**PROBLEM REQUIREMENTS**
In the material below, find the span from the line with "2025中國仲裁周整體44城112場(chǎng)活動(dòng)推告" to the line with "[A GENDER ACTION" and transcribe only those lines, exactly, ends included, without the pictures.

**DATA FOR THE TASK**
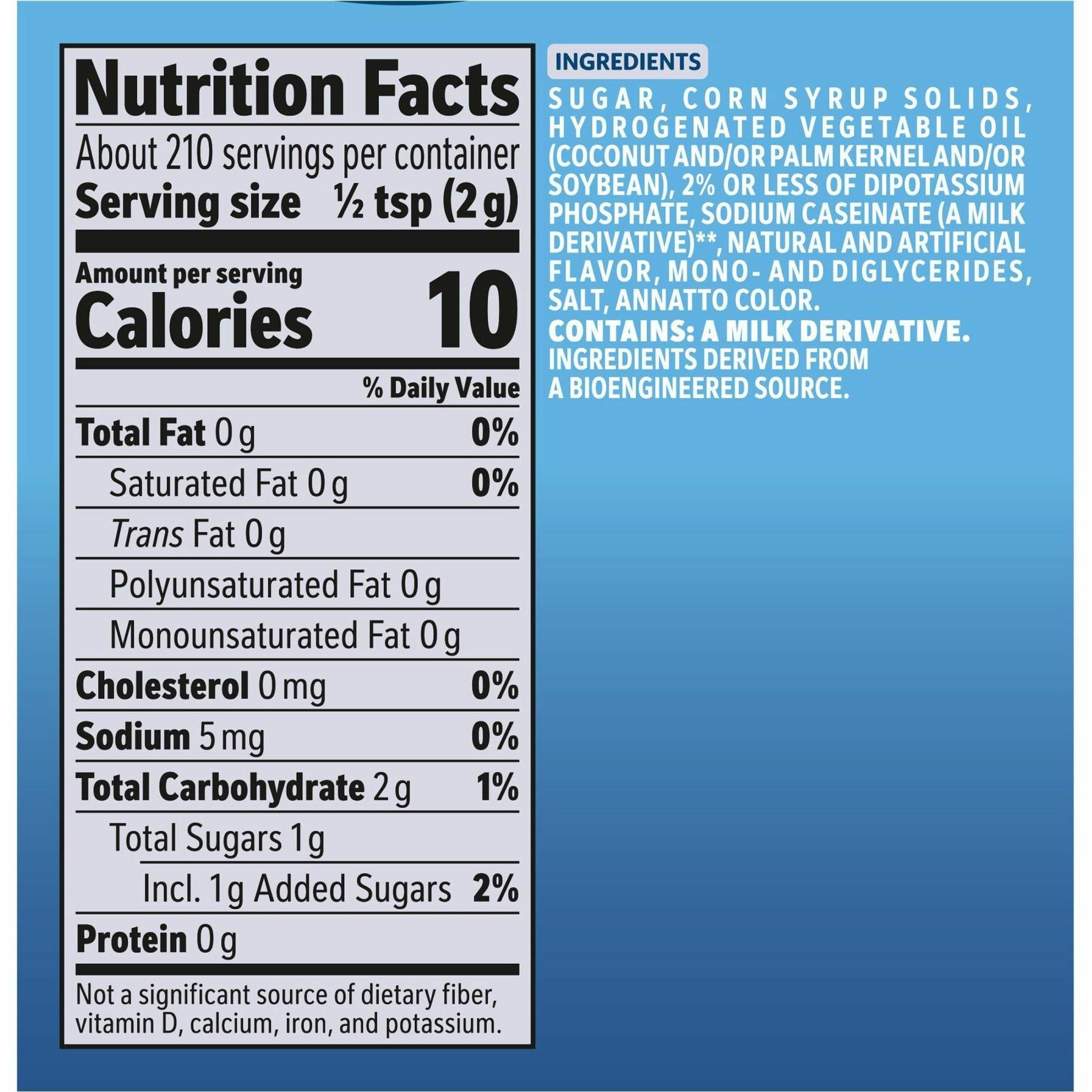 | Ingredients | <ul><li>Sugar</li><li>Vegetable Oil (Partially Hydrogenated Coconut Or Palm Kernel</li><li>Hydrogenated Soybean)</li><li>Corn Syrup Solids</li><li>And Less Than 2% Of Sodium Caseinate (A Milk Derivative)</li><li>Dipotassium Phosphate (Moderates Coffee Acidity)</li><li>Natural And Artificial Flavors</li><li>Mono- And Diglycerides (Prevents Oil Separation)</li><li>Sodium Aluminosilicate</li><li>Salt</li></ul> |
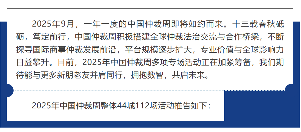 2025中國仲裁周整體44城112場(chǎng)活動(dòng)推告
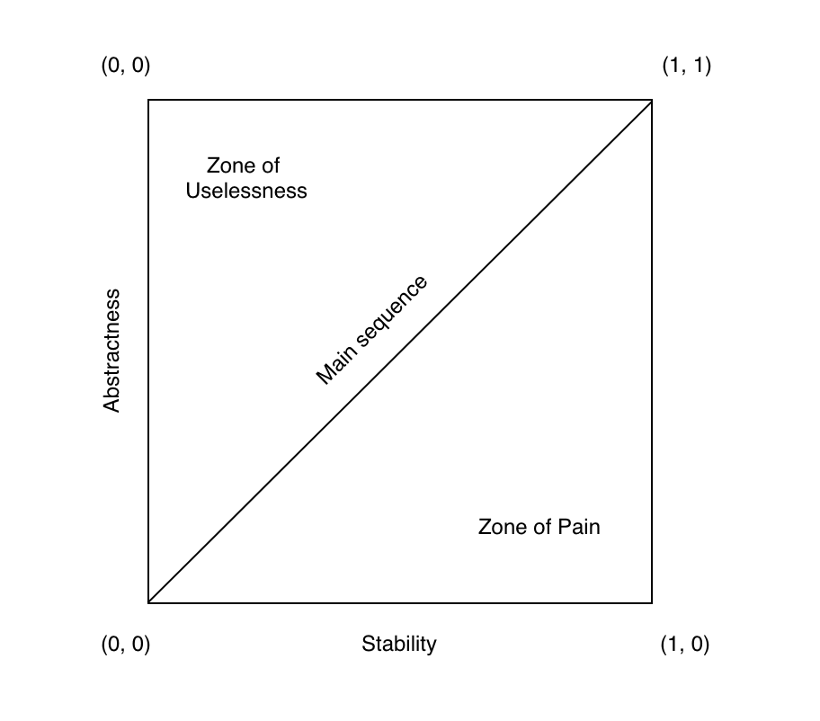 Zone of pain is where our code is highly volatile and concrete, which means that any change is hard to implement and we don’t know the impact it may have on other parts of the code.
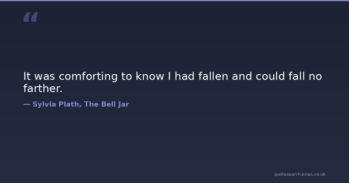 It was comforting to know I had fallen and could fall no farther. fall fallen plath sylvia the-bella-jar Download Image Share on X Share on Facebook Copy Link
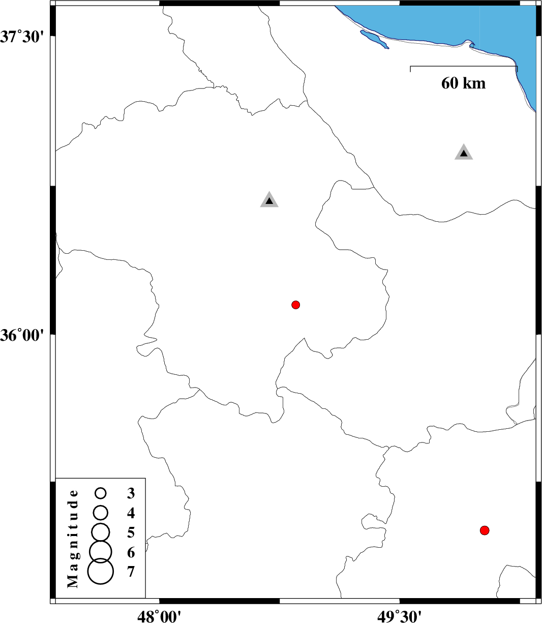 | 2012/07/03 | 21:42:40.7 | 02:12:40.7 | 36.15 | 48.85 | 14 | ML:2.2 | Zanjan Province, 23 km East of Qeydar | ||
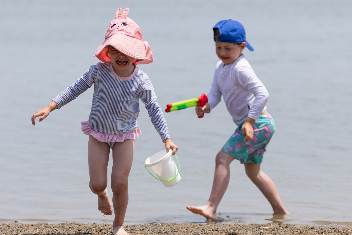 David Burke, 9, of Braintree, watches as his sister Hannah, 11, gets splashed during a playful water fight at Pleasure Bay. (Libby O’Neill/Boston Herald)
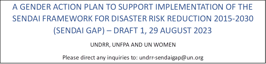 [A GENDER ACTION PLAN TO SUPPORT IMPLEMENTATION OF THE SENDAI FRAMEWORK FOR DISASTER RISK REDUCTION 2015-2030 (SENDAI GAP) - DRAFT 1, 29 AUGUST 2023 UNDRR, UNFPA AND UN WOMEN Please direct any inquiries to: undrr-sendaigap at un.org]
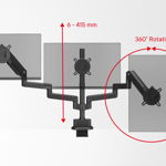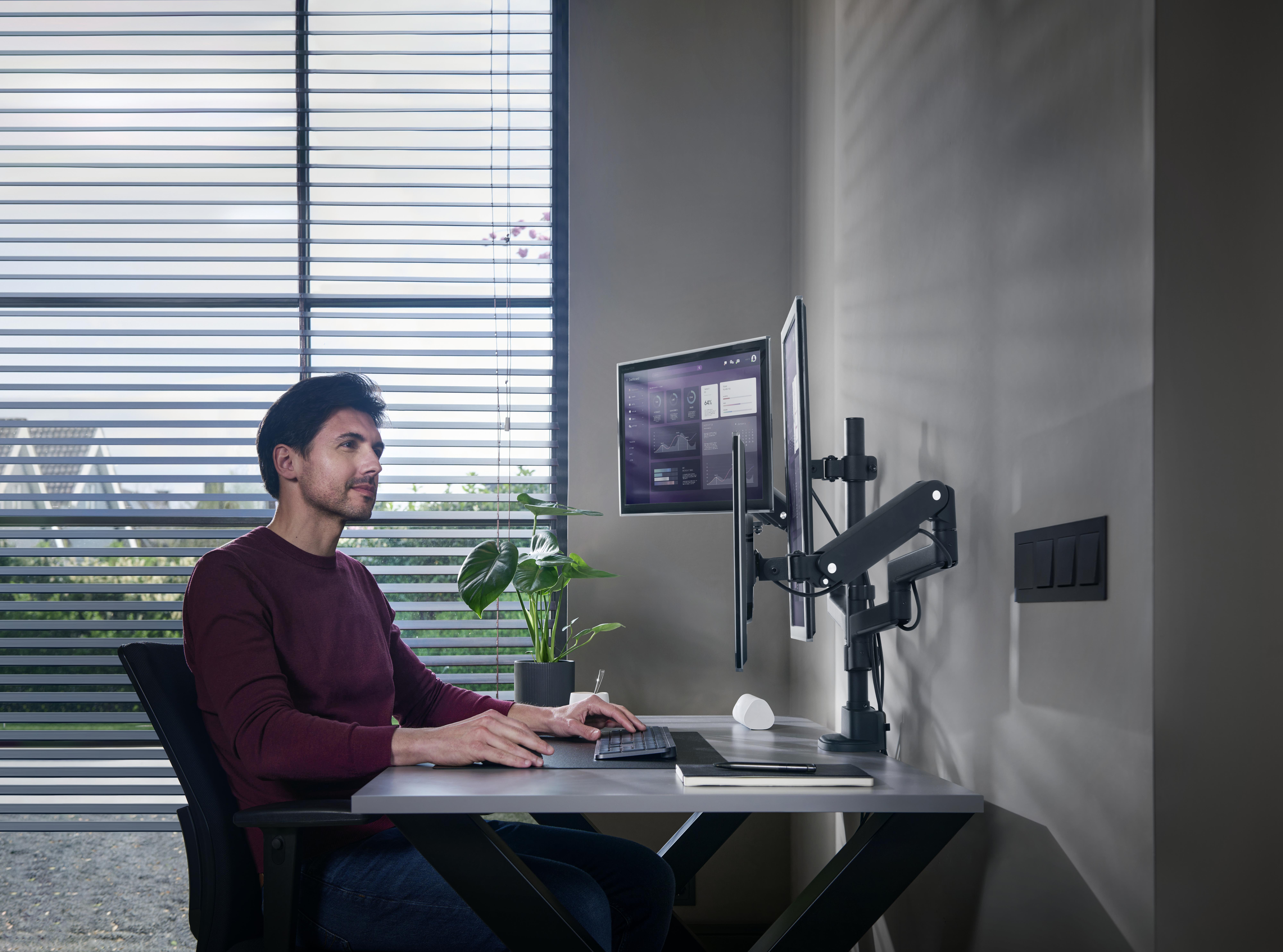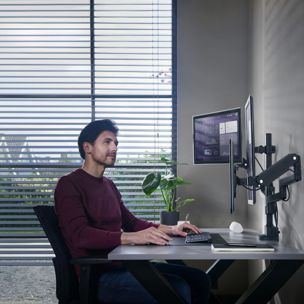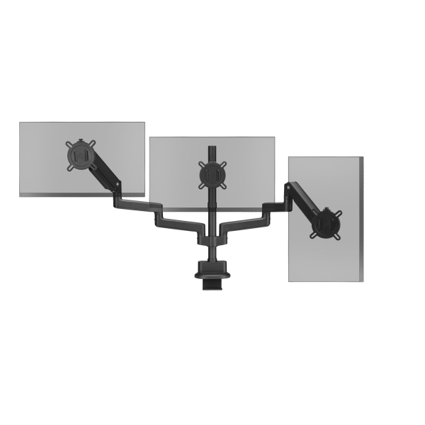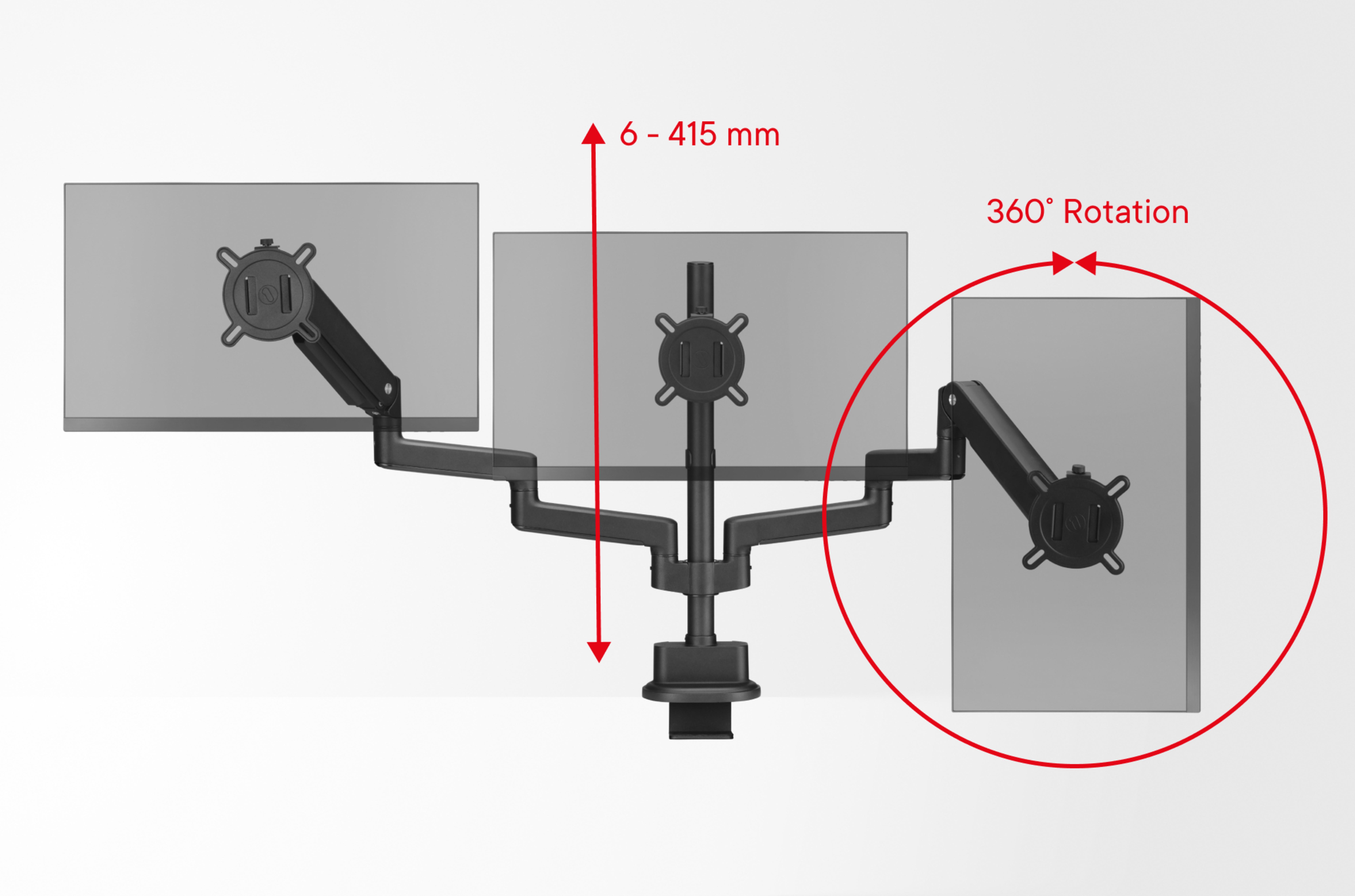Voit kiinnittää jopa kolme näyttöä vierekkäin, vapauttaen arvokasta pöytätilaa ja luoden siistin, järjestelmällisen työympäristön. Ergonominen säätö auttaa vähentämään niska- ja silmäkuormitusta, kun saat näytön täydelliseen asentoon.
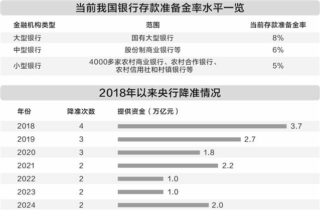 目前,我国法定存款准备金率包括大、中、小型银行三档,分别为8%、6%和5%,平均存款准备金率为6.6%。其中,小型银行的存款准备金率在2021年已降至5%,此后历次降准小型银行存款准备金率均未调整,因此也被外界解读为“5%是我国法定存款准备金率的隐形下限”。
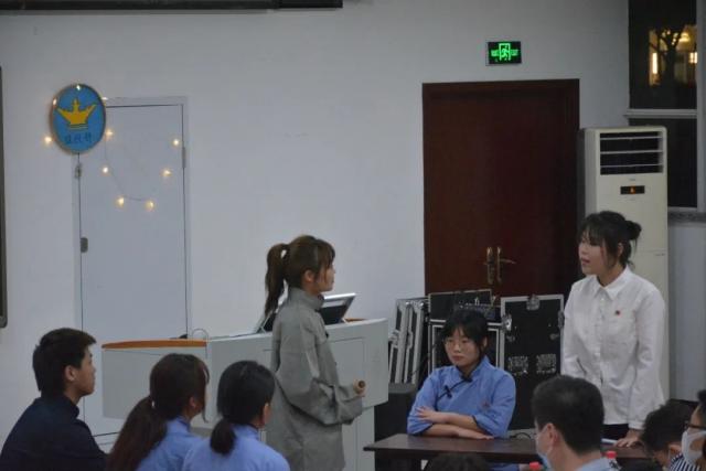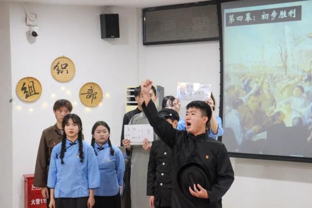 金融3212团支部带来《觉醒》。一名女老师带着一群学生因战乱躲避在一所破庙里上课,在破败的环境里,学生们更加坚定了想要加入中国共产党的队伍。在故事的最后,老师重返课堂为新一代学生上了一堂有意义的课程“开天辟地”。
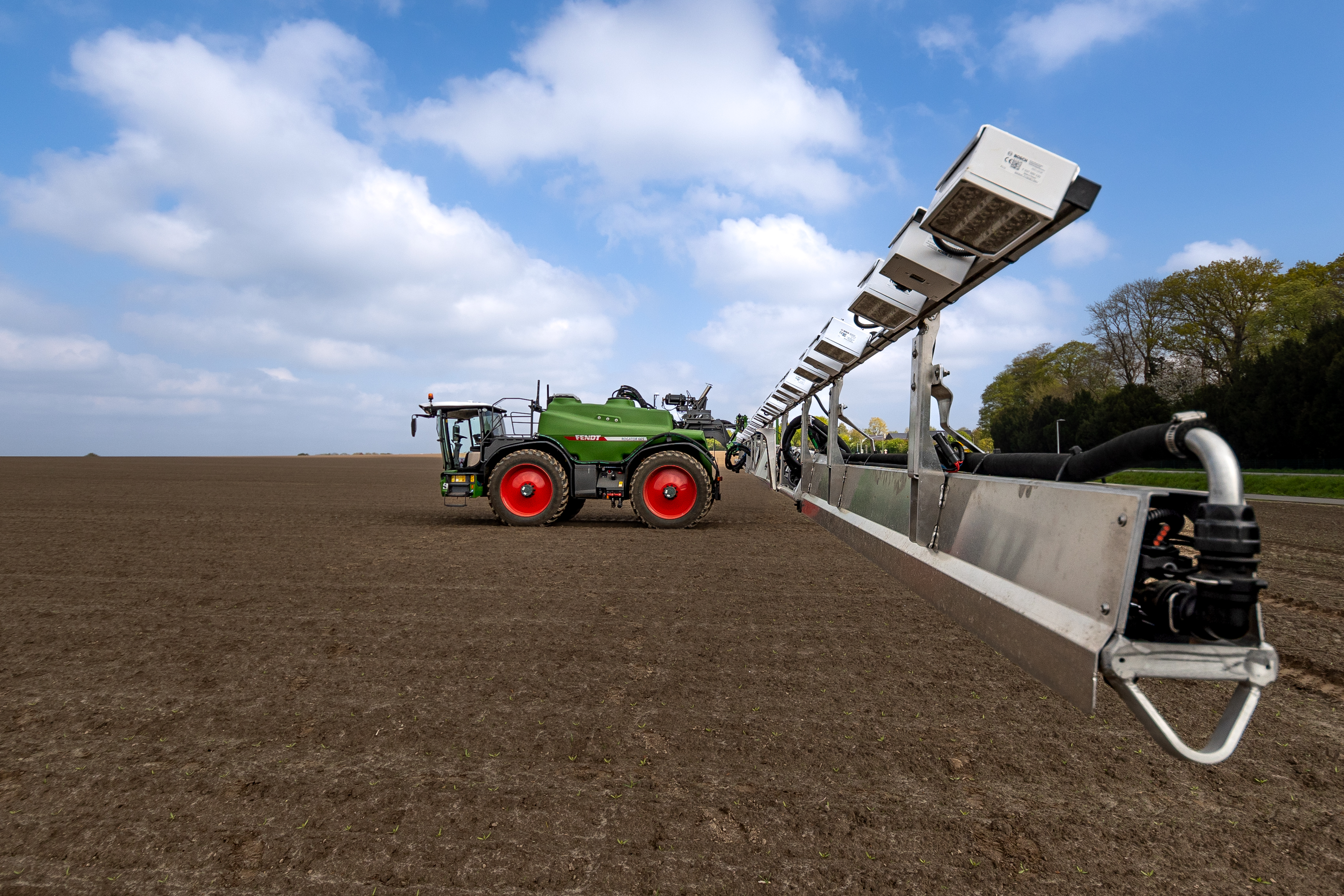 Eine Fendt Rogator Feldspritze, die mit der Smart-Spraying-Lösung von Bosch BASF Smart Farming ausgestattet ist.

**YOUR SOLUTION**
 2025中國仲裁周整體44城112場(chǎng)活動(dòng)推告
 Zone of pain is where our code is highly volatile and concrete, which means that any change is hard to implement and we don’t know the impact it may have on other parts of the code.
 It was comforting to know I had fallen and could fall no farther. fall fallen plath sylvia the-bella-jar Download Image Share on X Share on Facebook Copy Link
 | 2012/07/03 | 21:42:40.7 | 02:12:40.7 | 36.15 | 48.85 | 14 | ML:2.2 | Zanjan Province, 23 km East of Qeydar | ||
 David Burke, 9, of Braintree, watches as his sister Hannah, 11, gets splashed during a playful water fight at Pleasure Bay. (Libby O’Neill/Boston Herald)
 [A GENDER ACTION PLAN TO SUPPORT IMPLEMENTATION OF THE SENDAI FRAMEWORK FOR DISASTER RISK REDUCTION 2015-2030 (SENDAI GAP) - DRAFT 1, 29 AUGUST 2023 UNDRR, UNFPA AND UN WOMEN Please direct any inquiries to: undrr-sendaigap at un.org]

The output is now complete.